Tanik Saikh Sudip Kumar Naskar Sivaji Bandyopadhyay

Computer Science and Engineering Department, Jadavpur University Kolkata, India

tanik4u@gmail.com , {sudip.naskar, sbandyopadhyay}@cse.jdvu.ac.in

ABSTRACT

This paper presents our system report on our participation in the shared task on “Detecting Paraphrases in Indian Languages (DPIL)” organized in the “Forum for Information Retrieval Evaluation (FIRE)”- 2016, in both the tasks (Task1 and Task2) defined in this shared task in four Indian languages (Tamil, Malayalam, Hindi and Punjabi). We made use of different similarity measures and machine translation evaluation metrics as features and used machine learning framework to take paraphrase decision between a pair of text snippets. We obtained the accuracies of 97.08%, 94.2%, 97.32% and 98.29% in Task1 and 86.68%, 77.37%, 84% and 98.77% in Task2 for Tamil, Malayalam, Hindi and Punjabi respectively on the respective training sets using a 10-fold cross validation framework.

Keywords

Paraphrase detection; Similarity Measures; Machine Learning.

1. INTRODUCTION

A paraphrase is a restatement of a text expressed using other words. Alternatively, two texts say text1 and text2 can be defined as paraphrases if they textually entail each other bi-directionally, i.e. if text1 entails text2 and text2 entails text1. Textual entailment and paraphrase relations between a pair of text snippets are highly correlated. There are two different tasks related to paraphrases - paraphrase identification and paraphrase generation. In this shared task [19] the focus is on identifying sentence level paraphrases in Indian languages namely Tamil, Malayalam, Hindi, and Punjabi.

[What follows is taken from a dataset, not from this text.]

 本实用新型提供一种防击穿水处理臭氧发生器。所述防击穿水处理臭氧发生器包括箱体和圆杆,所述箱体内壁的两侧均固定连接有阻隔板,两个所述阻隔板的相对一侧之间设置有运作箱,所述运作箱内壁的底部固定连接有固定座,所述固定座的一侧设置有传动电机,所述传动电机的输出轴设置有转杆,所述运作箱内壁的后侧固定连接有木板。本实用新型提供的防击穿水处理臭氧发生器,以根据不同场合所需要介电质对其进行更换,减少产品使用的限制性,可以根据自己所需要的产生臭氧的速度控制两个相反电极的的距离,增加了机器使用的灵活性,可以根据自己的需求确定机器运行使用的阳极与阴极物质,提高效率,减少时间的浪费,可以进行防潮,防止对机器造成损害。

Two subtasks, Task1 and Task2, were defined in the shared task.

Given a pair of sentences from newspaper domain, Task1 is to classify them as paraphrases (P) or not paraphrases (NP) and Task2 is to identify whether they are completely equivalent (E), not equivalent (NE) or roughly equivalent (RE). Task2 is similar to Task1 except that it is a ternary classification problem.

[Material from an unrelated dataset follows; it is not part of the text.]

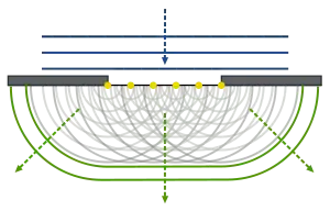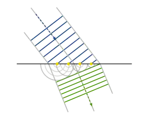 Fiecare punct de pe un front de undă poate fi considerat ca punct de plecare a unei unde elementare, care se propagă cu aceeași viteză și lungime de undă ca și unda inițială. Noul front de undă este creat prin însumarea tuturor acestor unde elementare.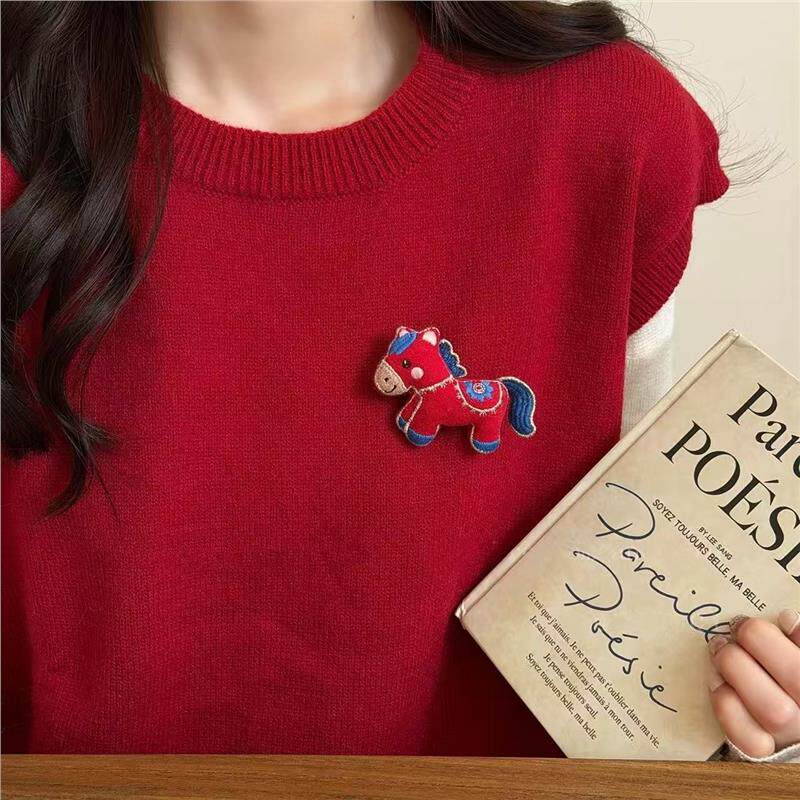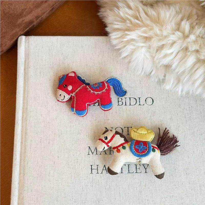 本命马年可爱布艺红色小马胸针女新年配衣服围巾装饰别针胸花配饰

Identifying paraphrase between a pair of sentence in Indian languages is not an easy task due to the scarcity of tools and resources in such languages. Semantic knowledge bases like WordNet [13] and BabelNet [10] are also very useful resources for knowledge based approaches to detecting paraphrases and textual entailment and Indian languages also suffer from very poor coverage in this respect. Therefore, for this study we adopted lexical level of analysis on the sentences, which is considered to be a shallow level of processing in any Natural Languages Processing task.

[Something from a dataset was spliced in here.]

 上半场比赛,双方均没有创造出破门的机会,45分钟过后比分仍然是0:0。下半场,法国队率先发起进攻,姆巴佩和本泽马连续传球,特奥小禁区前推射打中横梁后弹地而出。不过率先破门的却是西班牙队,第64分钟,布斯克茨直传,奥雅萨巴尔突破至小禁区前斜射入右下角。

For both the tasks (i.e., Task1 and Task2) we made use of various kinds of lexical similarity measures namely Cosine similarity, unigram matching with respect to sentence1, unigram matching with respect to sentence2, Jaccard similarity [12], Dice coefficient [11], overlap, harmonic mean and machine translation (MT) evaluation metrics namely BLEU and METEOR. The scores of

these measures were considered as feature values to build the models. The models were used to train the machine learning based classifiers. Naïve Bayes, SVM and SMO were employed for this purpose.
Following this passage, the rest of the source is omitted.